- What is being asked:
Please, from the entries below, transcribe exactly the lines that begin at the line with "These glass flutes" and end at the line with "Короткое платье из", without the pictures.

- Records for this exercise:
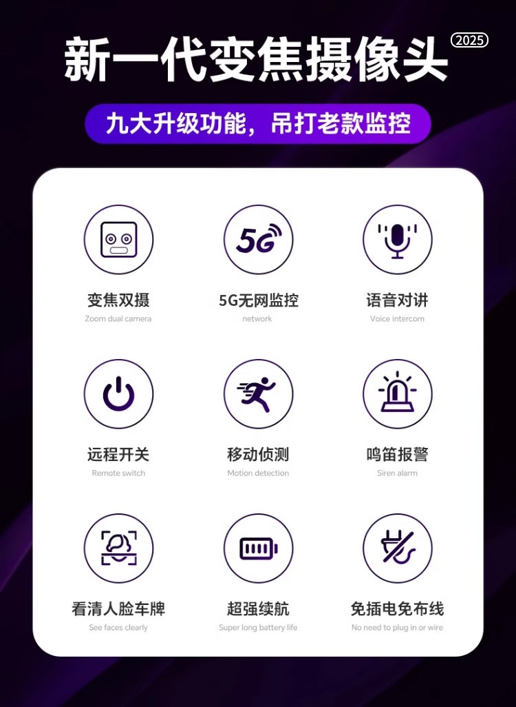 | Color Classification | [Wifi Round Version]Mobile Phone Remote Monitoring + Continuous Video and Audio Recording + Motion Detection Notification,[Send Lifetime Traffic-5G Thin and Light Version]2-Year Standby Time + Offline Mobile Phone Monitoring + Motion-Activated Recording & Audio + Remote Power On/Off + Strong Magnetic Mount (No Installation Required),[Free Lifetime Traffic-5G Thin and Light White Version]2-Year Standby Time + Offline Mobile Phone Monitoring + Motion-Activated Recording & Audio + Remote Power On/Off + Strong Magnetic Mount (No Installation Required),[Dual-Band Wifi Upgraded Version]2-Year Standby Time + Mobile Remote Monitoring + Motion-Activated Recording & Audio + Remote Power On/Off + No Installation Required,[Dual-Band Wifi Top Version]3-Year Standby Time + Remote Mobile Phone Monitoring + Motion-Activated Recording & Audio + Two-Way Voice Communication + Remote Power On/Off + Strong Magnetic Mount (No Installation Required),[Free Lifetime Traffic-5G Top Version]3-Year Standby Time + Offline Mobile Phone Monitoring + Motion-Activated Recording & Audio + Two-Way Voice Communication + Remote Power On/Off + Strong Magnetic Mount (No Installation Required),[Free Lifetime Traffic-5G Dual Camera Version]3-Year Standby Time + 10X Dual-Screen Display + Offline Mobile Phone Monitoring + Motion-Activated Recording & Audio + Two-Way Voice Communication + Remote Power On/Off + Strong Magnetic Mount (No Installation Required),Plug-In-Free 4g Version[2-Year Standby + Offline Mobile Phone Monitoring + Audio and Video Recording + Two-Way Voice Communication + Remote Power On/Off] |
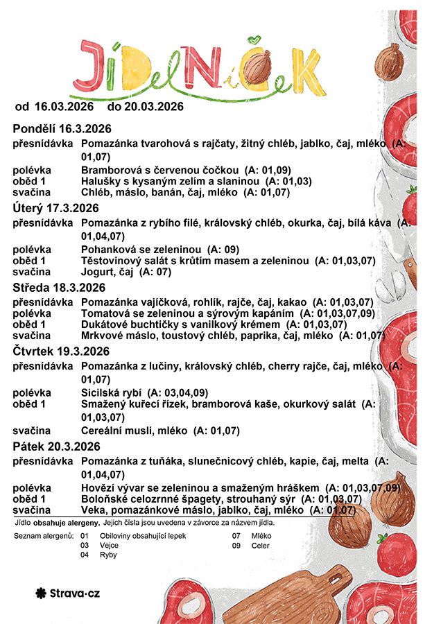 Aktuální jídelní lístek od 16. 3. 2026 do 20. 3. 2026
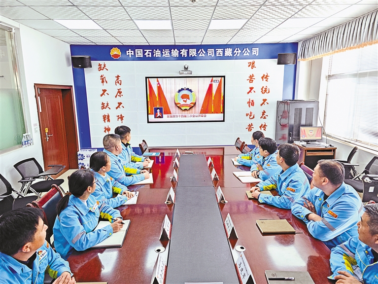 中國石油運(yùn)輸西藏分公司組織員工收看全國政協(xié)十四屆二次會議開幕會。格桑旦增 記者 次仁平措 攝
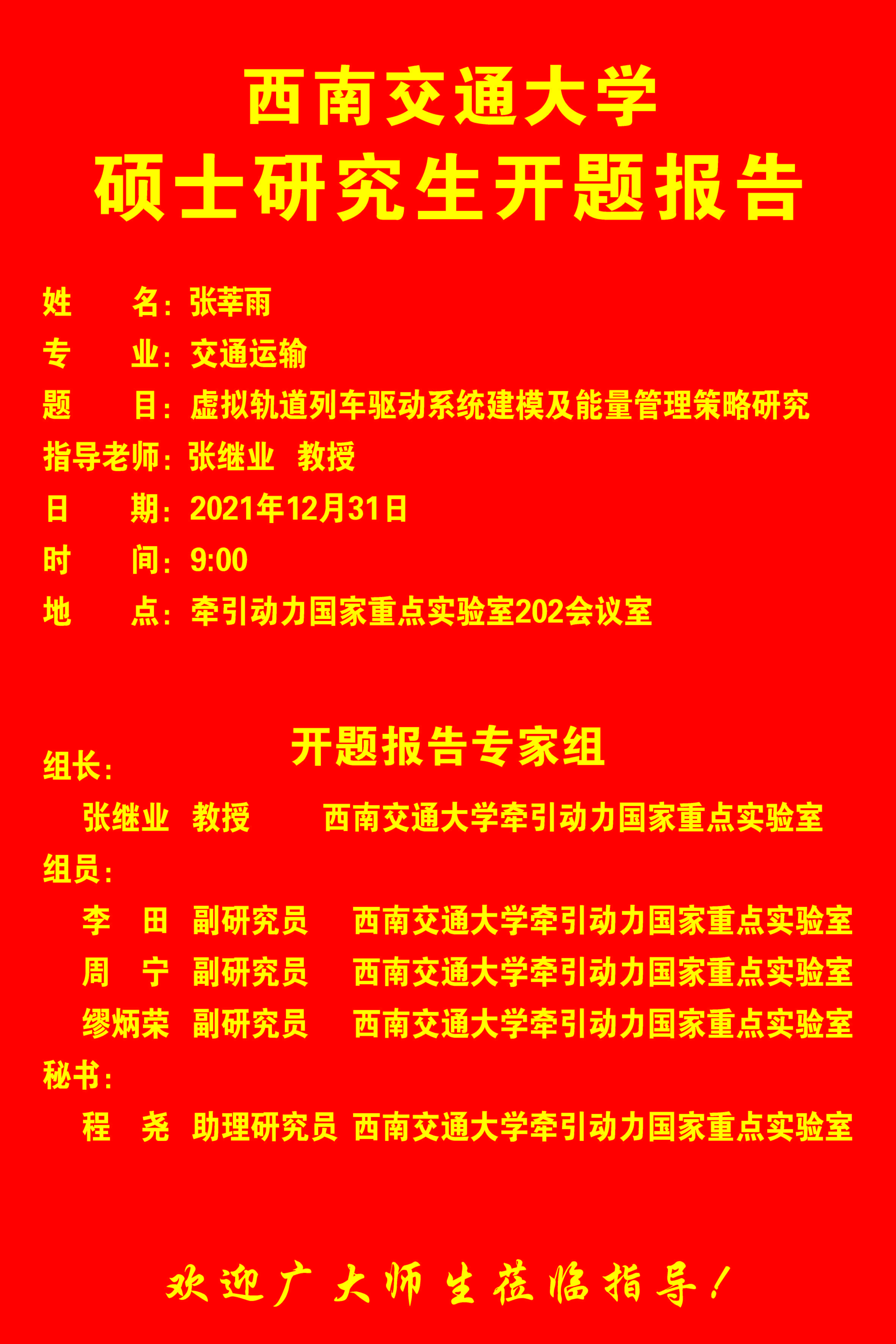 西南交通大学张莘雨硕士研究生开题报告
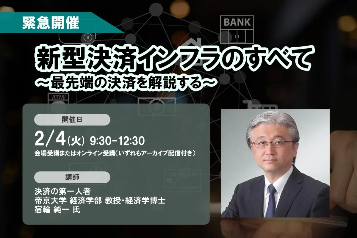 2025年2月4日に、株式会社セミナーインフォが新型決済インフラに関するセミナーを開催します。このセミナーでは、帝京大学経済学部の宿輪純一教授が講師として登壇し、現在の決済システムの仕組みやその発展、さらには近未来の展望について、詳しく解説してくれます。参加者には、宿輪氏が著した『決済インフラ入門[2025年版]』がサブテキストとして配布され、実際の講義で活用されます。
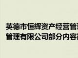 大家好,今天小方来说说一篇关于英德市恒辉资产经营管理有限公司,关于英德市恒辉资产经营管理有限公司部分内容简述的文章,那么现在就为大 浏览全文>>
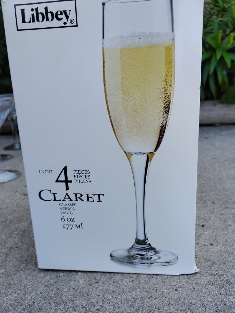 These glass flutes are in great condition and Libby Clarets are brand new.
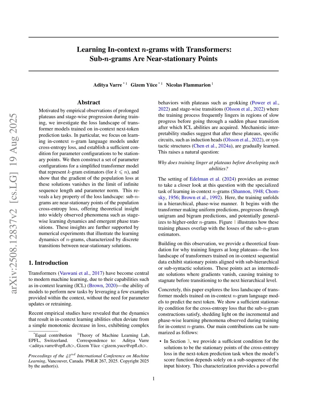 Learning In-context n-grams with Transformers: Sub-n-grams Are Near-stationary Points
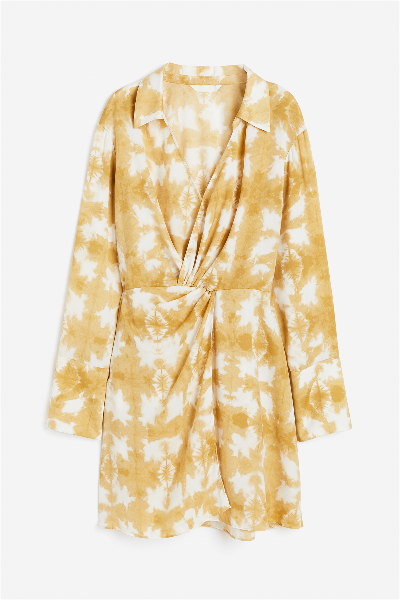 Короткое платье из тканого материала с легким блеском. Воротник и глубокая V-образная пройма с потайной застежкой на крючки и глазки спереди. Эластичный шов на талии сзади и перекрученная деталь спереди, создающая эффект драпировки. Длинные рукава и широкие манжеты с разрезом и пуговицей. Пришитая юбка. Без подкладки.
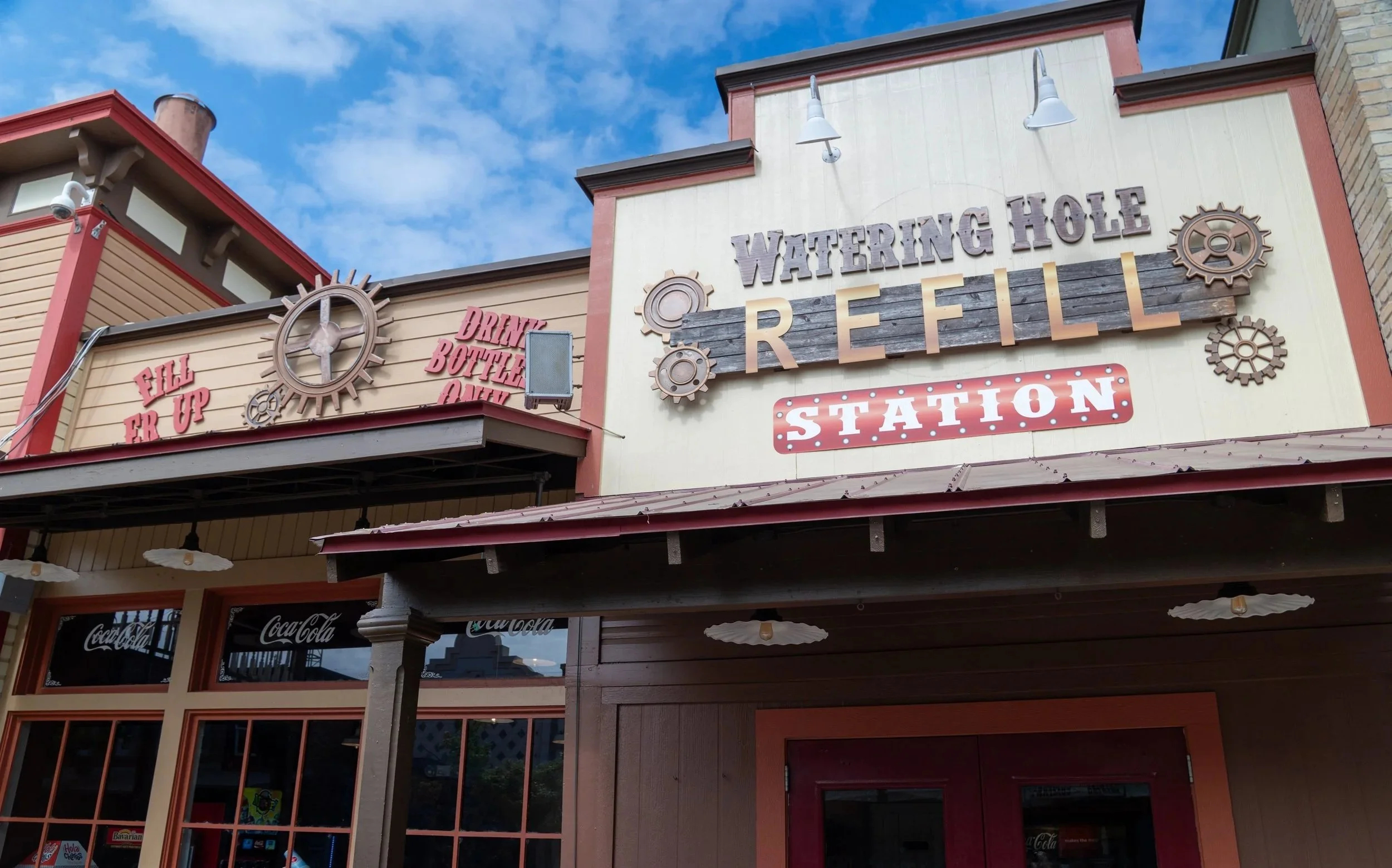 Located near Chop Six, the Watering Hole Refill Station features self-serve machines with several soda offerings, along with other frozen beverages. Prior to 2022, this location was home to a Coca-Cola Freestyle refill station.

- Solution:
 These glass flutes are in great condition and Libby Clarets are brand new.
 Learning In-context n-grams with Transformers: Sub-n-grams Are Near-stationary Points
 Короткое платье из тканого материала с легким блеском. Воротник и глубокая V-образная пройма с потайной застежкой на крючки и глазки спереди. Эластичный шов на талии сзади и перекрученная деталь спереди, создающая эффект драпировки. Длинные рукава и широкие манжеты с разрезом и пуговицей. Пришитая юбка. Без подкладки.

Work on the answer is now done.